IFR Asia - Asian Development Bank 2014
3 min read

An employee of the Korea Exchange Bank holds banknotes from different countries for hotographs at the main office of the Korea Exchange Bank in this picture illustration taken in Seoul.

Shoring up defences

Source: REUTERS/Truth Leem

An employee of the Korea Exchange Bank holds banknotes from different countries for hotographs at the main office of the Korea Exchange Bank in this picture illustration taken in Seoul.

If Asia needed a reminder of the dangers of global capital markets, the setting for this year’s Asian Development Bank’s annual meeting is a good place to start.

Kazakhstan has experienced the boom and bust of the global credit cycle. Heavy overseas borrowing contributed to a domestic asset bubble and a precarious currency mismatch. The country’s banking system is still dealing with the fallout five years after the bubble burst. For every US$3 of loans outstanding in Kazakhstan, US$1 is non-performing.

Still, despite that obvious handicap, the Kazakh economy is growing at 6% a year – an equally powerful reminder of the enormous potential in Asia’s emerging markets.

Like Kazakhstan, tantalisingly low US dollar rates have enticed many Asian companies and governments to borrow in foreign currencies. Global bank lending may be tighter as a result of Basel requirements, but Asia’s bond markets have blossomed since 2008 on the back of cheap global credit.

As attention now shifts to the inevitable unwinding of easy-money policies in the West, many questions remain over Asia’s ability to withstand sudden reversals in global capital flows.

This IFR Asia Special Report aims to highlight some of the key talking points around Asian development, for both the public and private sectors.

Global portfolio flows top the list again this year, with the US Federal Reserve already winding back its monetary stimulus and hinting at interest-rate hikes as early as next year.
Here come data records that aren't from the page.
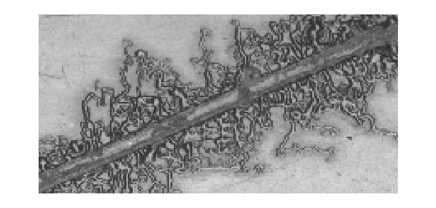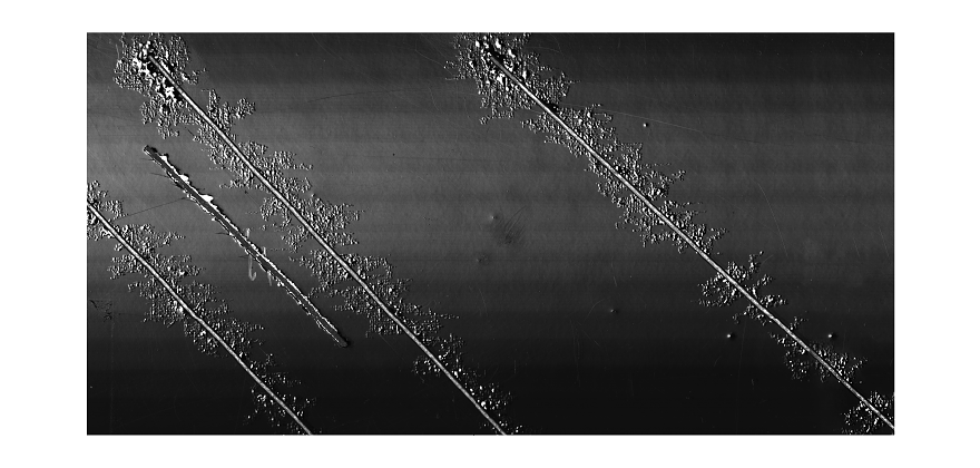 High contrast image. Flat, usually coated areas of the test plate appear light in the image. The textured and structured edges of the filiform underfilm corrosion and damaged coated areas produce darker areas in the image.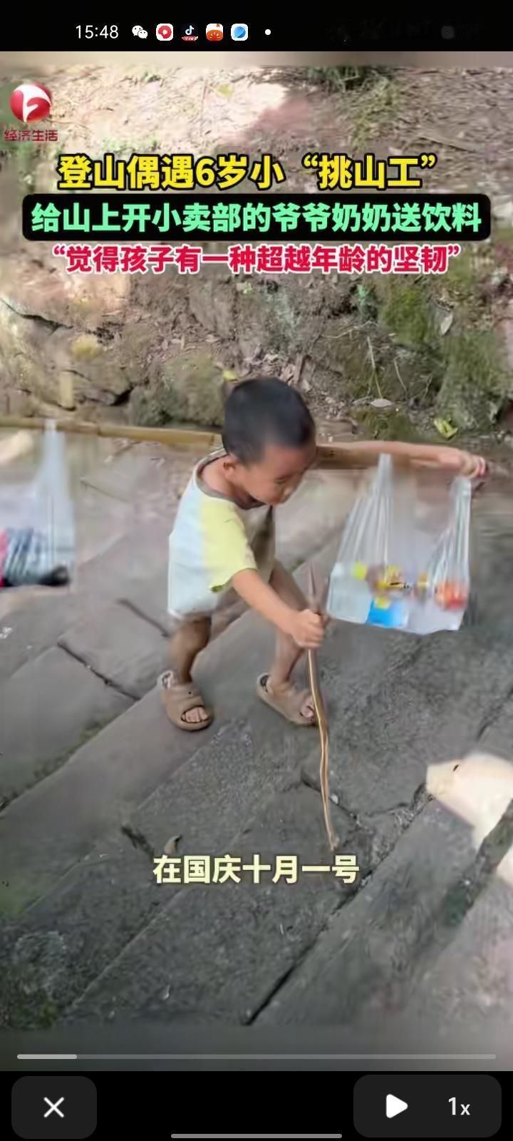 10月1日,黄山市休宁县。女子发视频称,登齐云山途中遇到六岁“小挑山工”,给山上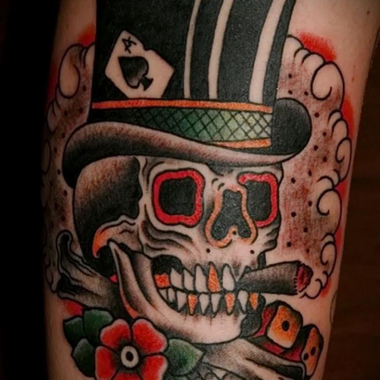 Contrairement au symbolisme sinistre et aux associations désagréables, le crâne est un symbole de dépassement des difficultés et donne de la force au porteur d'un tel tatouage. Pour ceux qui pratiquaient le commerce pirate, le symbole représentait l'intrépidité et l'impitoyabilité, l'incapacité à faire des compromis.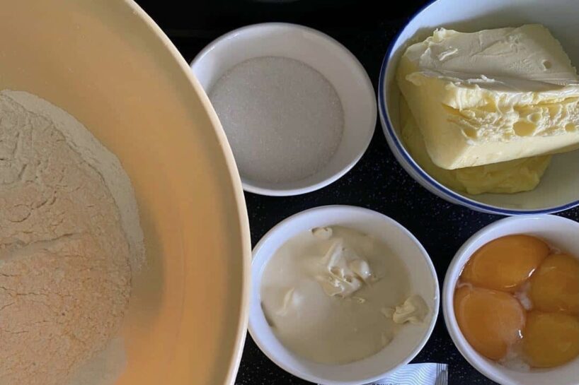 Vispirms sagatavo rauga mīklu. Svaigos raugu saberž ar cukuru, līdz tas pilnībā izšķīst un kļūst šķidrs. Mīkstu sviestu ieberž ar miltiem, līdz veidojas drupena masa. Pievieno skābo krējumu, olu dzeltenumus un sagatavoto rauga maisījumu.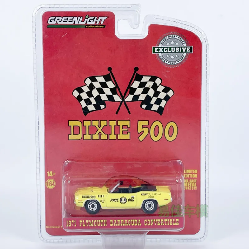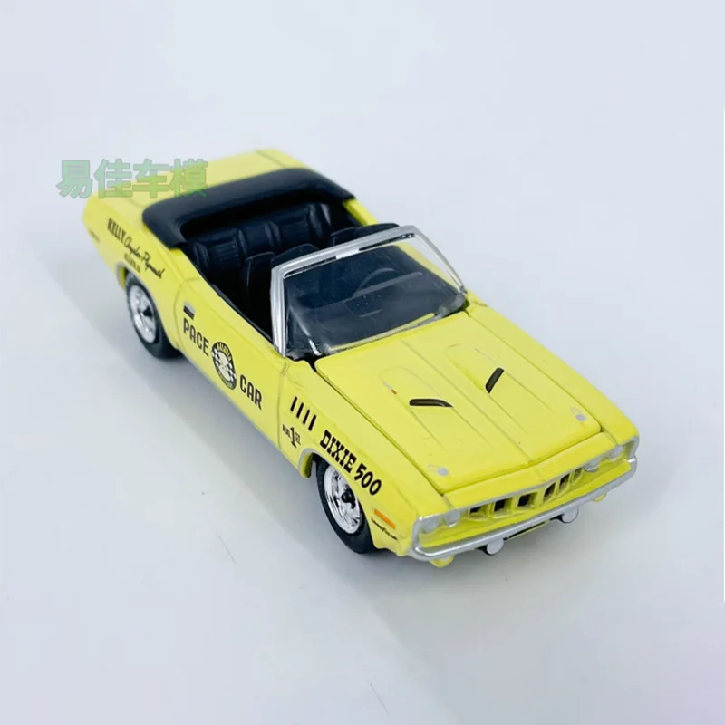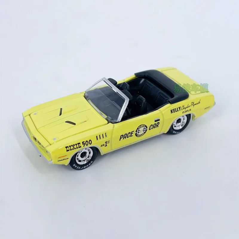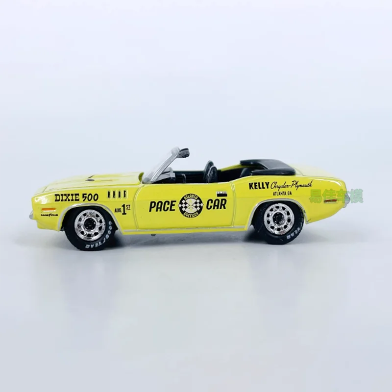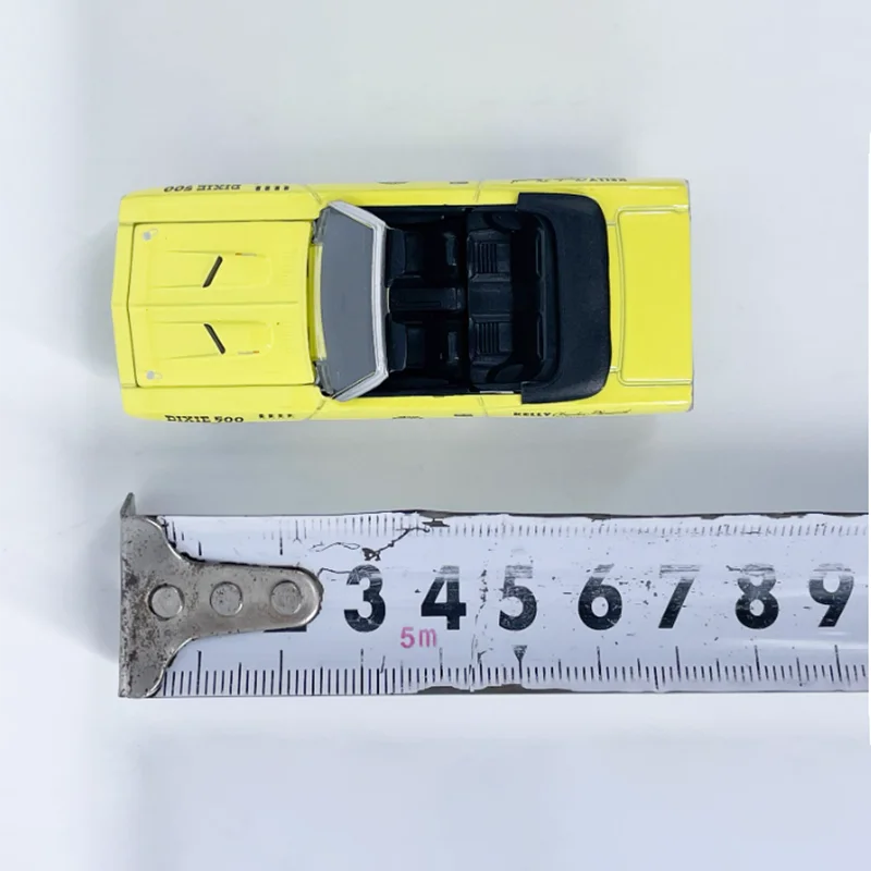 - The bright yellow body is complemented with black accents, including a fold-down soft top, racing stripes, and detailed decals like “DIXIE 500” and “PACE CAR”.

While the US tightens, however, Europe is discussing further “extraordinary measures” to stimulate the region’s economy, and Japan remains committed to its reflationary experiment.

The key question is how Asia can shore up its defences against these powerful monetary flows, and it is no accident that much of this report focuses on efforts to unite Asian-savings pools and strengthen domestic policy, as well as the outlook for the region’s currencies.

The role of the ADB itself also deserves closer scrutiny at a time when Asian growth is stretching its resources, while demands from member countries are changing.

Reforms already under way in the bank’s Manila headquarters should make the bank more efficient, and its strategy of bundling finance with knowledge is a laudable plan to shape policy in the region’s less-developed nations. Nevertheless, the ADB cannot afford to stray too far from its traditional infrastructure financing mandate with so much of Asia still facing severe infrastructure gaps.

Kazakhstan, then, is a fitting – albeit somewhat remote – location for this year’s governors’ meetings. If both host nation and visiting delegates can learn from each other’s experiences, then many future dangers should be easily avoided.